I started working at Jonathan Adler when I was 23. I think I made 22K a year so I bartended at night to help pay those bills. I was a pretty darn good shop girl – as you can probably imagine really friendly, helpful, maybe jarringly so, in New York. Everyone was constantly like ‘Are you from the Mid-West? and I would say, ‘No, Oregon’ and they’d say ‘Yea … the midwest’. Anyway, after about a year I got overlooked for an assistant management position and I was pretty bummed. But I realized it was probably not for me which made me question if retail was for me anyway and as I started to pin point what I loved about the job and realized that it had very little to do with working my way up in retail. So I started assistant styling and still bartending and cut back hours at JA to just part-time. I should have just quit, but quitting is uncomfortable especially when you aren’t sure how consistent the other stuff is.

Meanwhile my heart wasn’t in it so I started slacking. While I was there I was still good, but definitely not as good and on Sundays after a late night bartending then going to after hours parties, I would be often late for my 11am shift. I would apologize and I got a talking to a couple of times in nice ways. Again, I should have just quit! But the following Sunday I slept in, like past 11 and when I woke up at 12 I was like Oh sh*t. I called them and made some excuse about the subway which was SOOOO stupid and such an obvious lie. When I got to work Ginny, the manager who I was actually pretty close with despite our 10 year age difference pulled me aside and said something like ‘You aren’t into it anymore. Are you sure you want to be here?’. I realized that she was kinda asking me to quit because she didn’t want to fire me. So I said ‘No’ and apologized profusely for lying and gave my 2 week notice. The last two weeks I worked really hard to make it up to them. The only reason that I didn’t burn a bridge was because I apologized profusely and because I was 24. But I certainly left on a not so good note and it was awkward going in the store to rent things for the next couple years.
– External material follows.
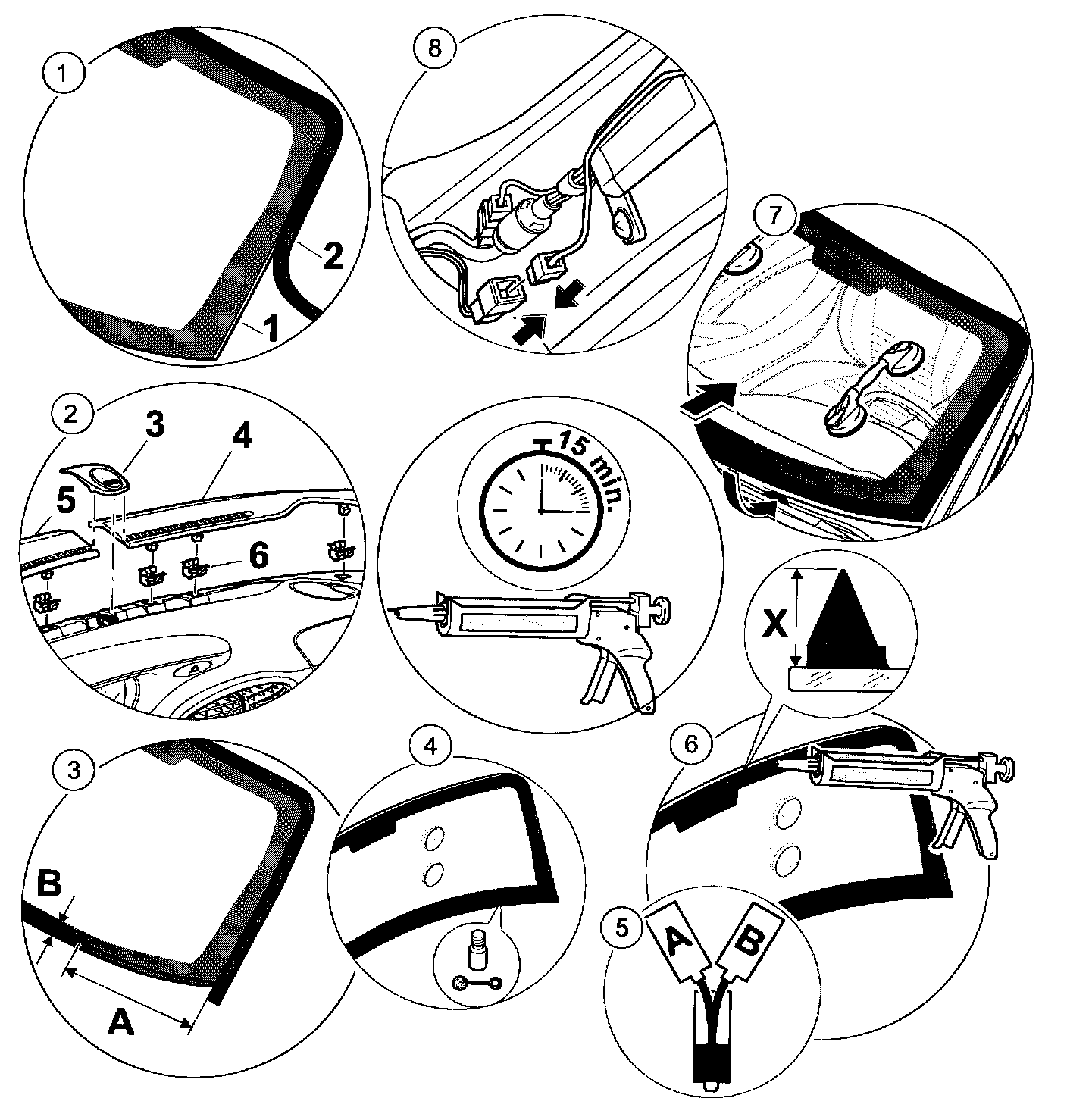 - Time between applying adhesive and inserting windscreen: max. 10 min

Since having people work for me I’ve been able to see the signs that people were ready to move on, do their own thing, be their own boss and its been at times really frustrating to watch. I can see them slacking, not doing their best, not really caring and just going through the motions. It always ends up fine, but the longer you/they carry on with that behavior the trickier it is to recommend them and be a really good reference for them. In a lot of ways when you leave on a bad note or burn a bridge (especially when you previously worked really hard) you are robbing yourself of someone who will go to bat for you to help you in the future. Every employer you have can be that angel that can help find you your dream job, so every time you taint or squander that relationship you are just hurting yourself.

When you are over it, ask for what you want – what would really make you stay – and if it’s not a possibility then its ok to move on instead of driving the experience and relationship into the ground. Most bosses would much prefer this over what I did – the ‘over time slack off and resort to bad excuses and lies’. That is good for no one.

The only time that I think it can get tricky is when you are mid-project, but then what I’d do is tell them how you are feeling and ask for what you’d want to keep you there after the project and if they can’t meet those needs then work so hard, kill that last project and move on gracefully. Don’t let the last few months of a job negate the previous years of working hard.

So, that’s my first piece of advise that I would give myself if I could go back to be 25. Anyone have experience that can attest to this either way?